Again fair - which is why I think losing things like the old UNIX (I think bwk originated) 'learn system' from the stock releases is a little sad. I used to tell newcomers - to spend an AM with learn and go through the files/more files/vi scripts and then come back to me, and I'll try to help you.
My line was that UNIX always had a more difficult learning curve than, say GUI based systems (or even some of the old DEC ones likes TOPS or VMS), but once you learned the tools and ideas, it was much simpler to use - made more sense (to me certainly). [Teach someone to fish, vs. give them one idea].
But as you point out, that only works if you have someone(s) to ask.
... when Bell Labs got the Blit, the limitations that motivated the original terseness were not only not discarded, but
retained and doubled down on.
Again a fair observation -- however, making_your_switches_so_verbose_no_one_can_remember_much_less_type_them_gnu style is just as bad.

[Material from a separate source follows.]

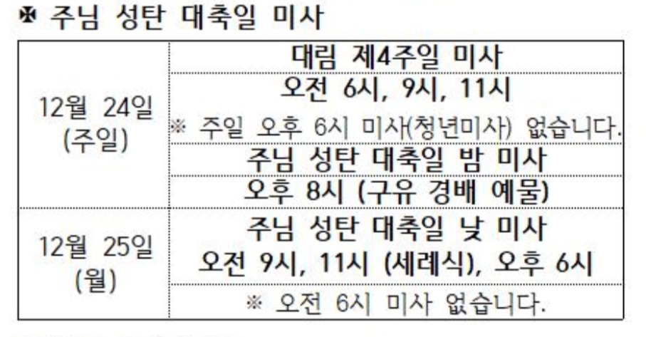 주님 성탄 대축일 미사 안내

Developing "good taste" is sometimes difficult. I'll not defend the "Unix room culture" or the later Plan9 folks (many of whom are my friends) - but I also get it. They were making something for themselves.
And here is where it gets tricky -- too many systems are designed to be the solution to too make problems by trying to learn and correct all past sins (Brook's "second-system effect") but fail because no one cares/uses them. The economics of switching are not there.
Frankly, when you build for yourself or, better yet, use what Tektronix called the "next bench" [1] idea, you often can find that happy compromise. Simple enough to learn but not a burden to use.
At least APL chose sigils that were tough to confuse with other things.
True, but you have not lived until someone brings a yellow piece of ASR33 paper into your office, and they are using the APL replacement operations and telling you this is this life's work -- 200 lines of APL - they think there is something wrong with the system. You have to decode the program and tell them they used the wrong operator. ... or better, they actually were right but you can not reproduce the error without their program and datasets.
Best wishes,
Clem
[1] Tektronix's "Next Bench" - was a simple idea. They were an instrumentation company made up of EE primarily. Everyone had work benches, not desks, to work on their projects. The idea was if you saw a colleague the "next bench over" struggling with solving a problem and you could think of a tool or test to help them solve it, chances are pretty good other people were having the same issue. So, if you make it easy to use and become available, you will have a product and it is likely to be popular. The key points: solve a problem, is easy to use, and made available.